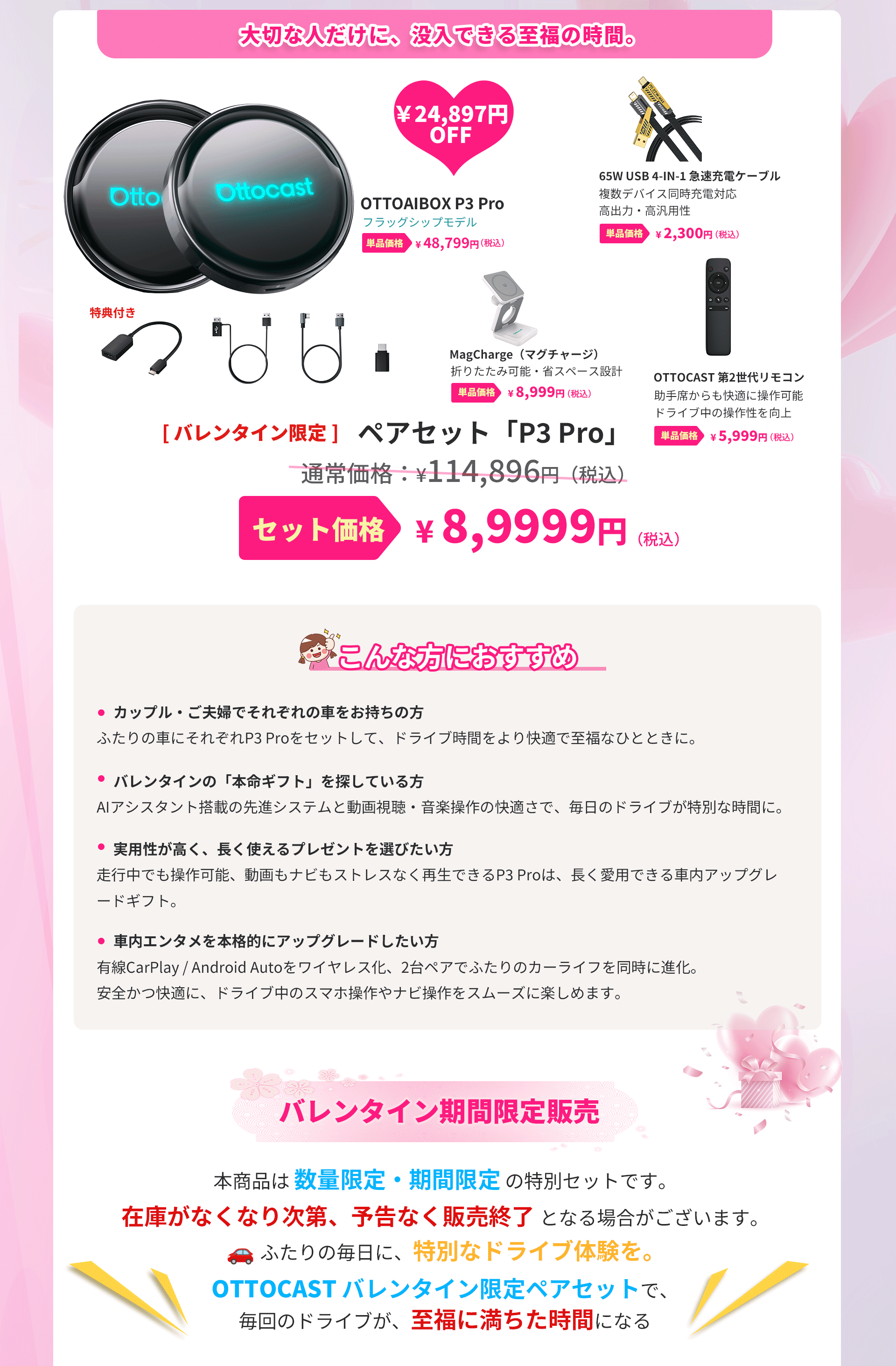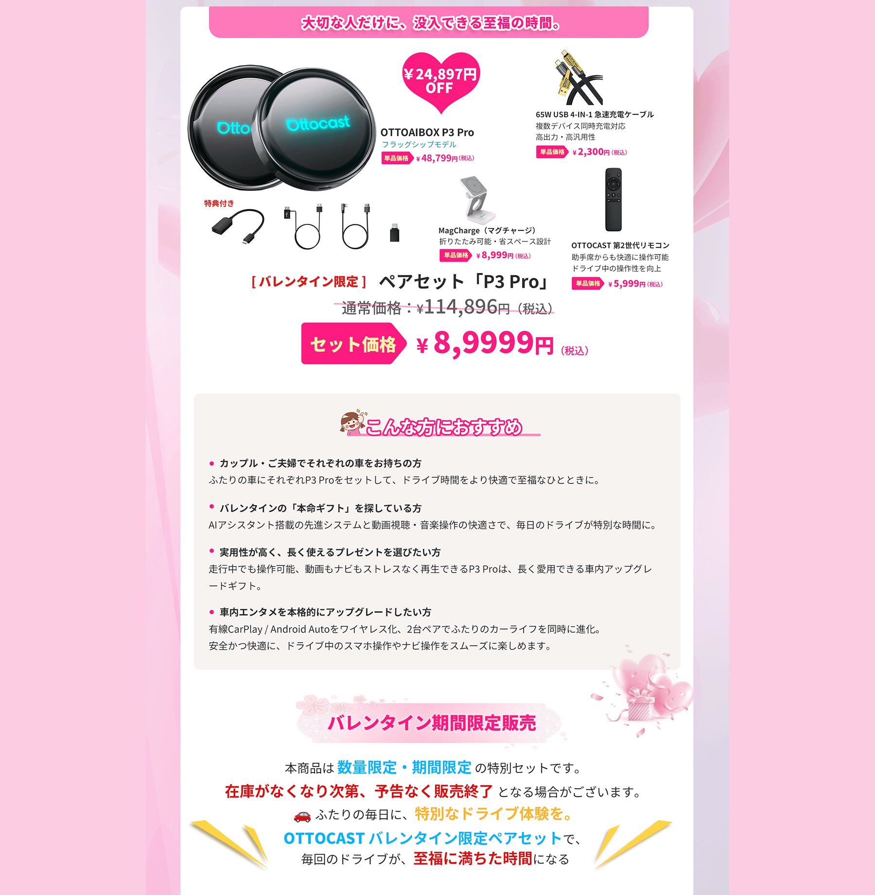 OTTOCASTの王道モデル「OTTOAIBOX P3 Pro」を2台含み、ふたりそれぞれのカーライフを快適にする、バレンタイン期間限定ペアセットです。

★ ★ ★

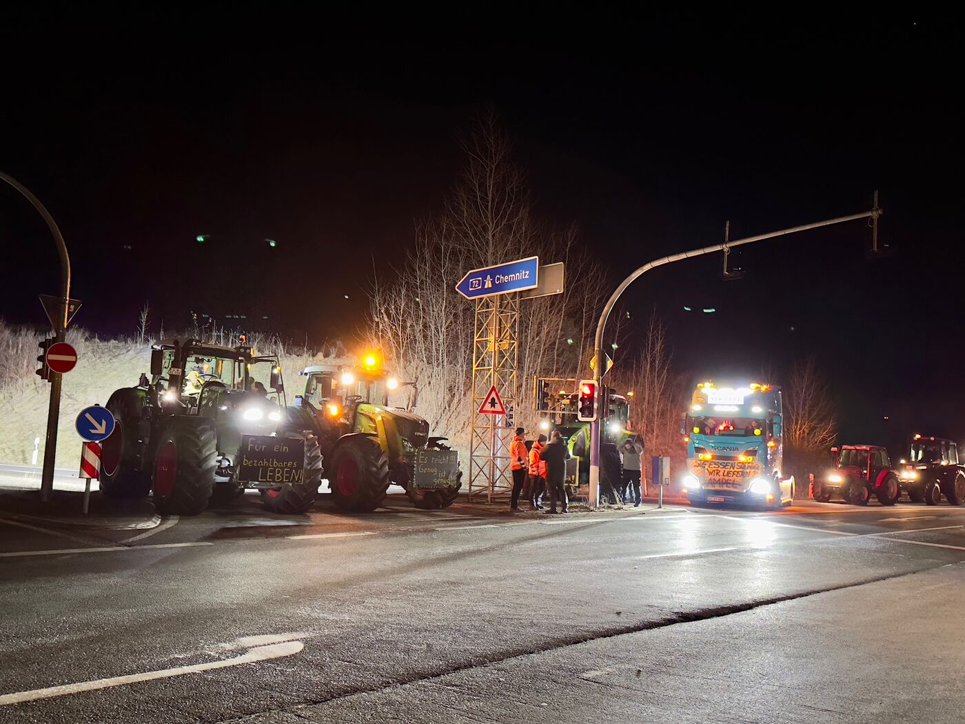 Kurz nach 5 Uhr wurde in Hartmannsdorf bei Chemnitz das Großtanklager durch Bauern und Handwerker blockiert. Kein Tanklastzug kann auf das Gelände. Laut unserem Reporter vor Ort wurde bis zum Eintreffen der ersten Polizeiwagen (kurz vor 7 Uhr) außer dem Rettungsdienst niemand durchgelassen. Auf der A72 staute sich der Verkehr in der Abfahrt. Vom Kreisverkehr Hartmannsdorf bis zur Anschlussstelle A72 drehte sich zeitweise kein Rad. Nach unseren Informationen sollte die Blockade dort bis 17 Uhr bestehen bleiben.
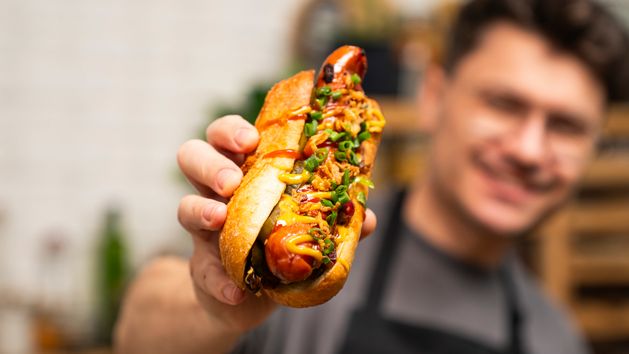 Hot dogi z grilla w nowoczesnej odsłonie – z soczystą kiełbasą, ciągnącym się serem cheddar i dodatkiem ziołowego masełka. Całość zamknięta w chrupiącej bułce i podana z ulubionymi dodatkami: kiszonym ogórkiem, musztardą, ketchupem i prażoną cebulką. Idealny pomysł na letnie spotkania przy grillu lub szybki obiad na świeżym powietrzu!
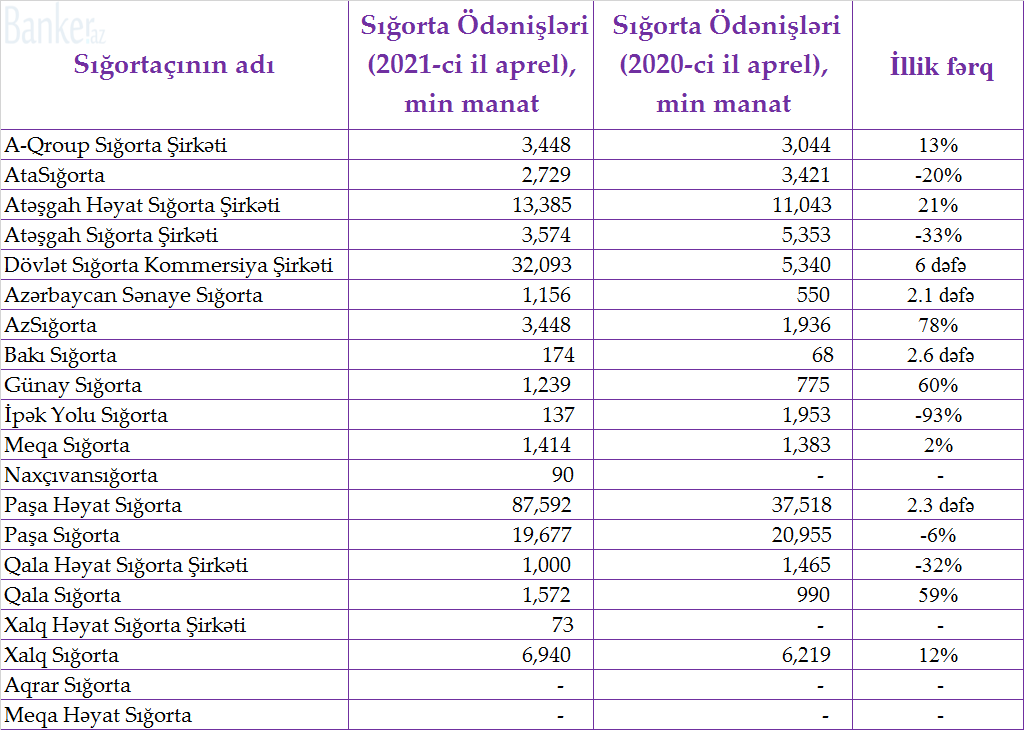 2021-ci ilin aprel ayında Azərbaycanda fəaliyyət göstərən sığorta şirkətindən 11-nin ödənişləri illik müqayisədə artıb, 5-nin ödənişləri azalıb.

★ ★ ★

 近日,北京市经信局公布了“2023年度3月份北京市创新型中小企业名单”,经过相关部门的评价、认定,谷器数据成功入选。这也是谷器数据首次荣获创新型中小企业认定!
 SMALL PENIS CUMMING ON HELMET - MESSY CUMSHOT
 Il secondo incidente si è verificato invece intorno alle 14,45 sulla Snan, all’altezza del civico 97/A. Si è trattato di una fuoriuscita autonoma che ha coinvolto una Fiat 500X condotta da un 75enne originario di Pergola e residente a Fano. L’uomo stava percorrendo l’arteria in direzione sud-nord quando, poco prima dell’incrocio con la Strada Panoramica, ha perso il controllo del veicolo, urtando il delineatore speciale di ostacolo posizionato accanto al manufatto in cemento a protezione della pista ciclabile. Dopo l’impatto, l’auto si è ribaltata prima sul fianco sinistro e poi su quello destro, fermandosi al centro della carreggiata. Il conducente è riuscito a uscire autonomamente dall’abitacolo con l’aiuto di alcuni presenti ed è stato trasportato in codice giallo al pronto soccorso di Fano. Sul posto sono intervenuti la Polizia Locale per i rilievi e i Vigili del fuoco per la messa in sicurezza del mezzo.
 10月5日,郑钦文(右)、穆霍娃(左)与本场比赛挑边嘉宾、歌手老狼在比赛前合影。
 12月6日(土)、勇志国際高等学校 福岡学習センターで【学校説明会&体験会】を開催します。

★ ★ ★

What you will do:
After locating the line holding "Il secondo incidente" above, output exactly that line and every line after it through the line holding "12月6日(土)、勇志国際高". Include nothing else.

Solution to this exercise:
 Il secondo incidente si è verificato invece intorno alle 14,45 sulla Snan, all’altezza del civico 97/A. Si è trattato di una fuoriuscita autonoma che ha coinvolto una Fiat 500X condotta da un 75enne originario di Pergola e residente a Fano. L’uomo stava percorrendo l’arteria in direzione sud-nord quando, poco prima dell’incrocio con la Strada Panoramica, ha perso il controllo del veicolo, urtando il delineatore speciale di ostacolo posizionato accanto al manufatto in cemento a protezione della pista ciclabile. Dopo l’impatto, l’auto si è ribaltata prima sul fianco sinistro e poi su quello destro, fermandosi al centro della carreggiata. Il conducente è riuscito a uscire autonomamente dall’abitacolo con l’aiuto di alcuni presenti ed è stato trasportato in codice giallo al pronto soccorso di Fano. Sul posto sono intervenuti la Polizia Locale per i rilievi e i Vigili del fuoco per la messa in sicurezza del mezzo.
 10月5日,郑钦文(右)、穆霍娃(左)与本场比赛挑边嘉宾、歌手老狼在比赛前合影。
 12月6日(土)、勇志国際高等学校 福岡学習センターで【学校説明会&体験会】を開催します。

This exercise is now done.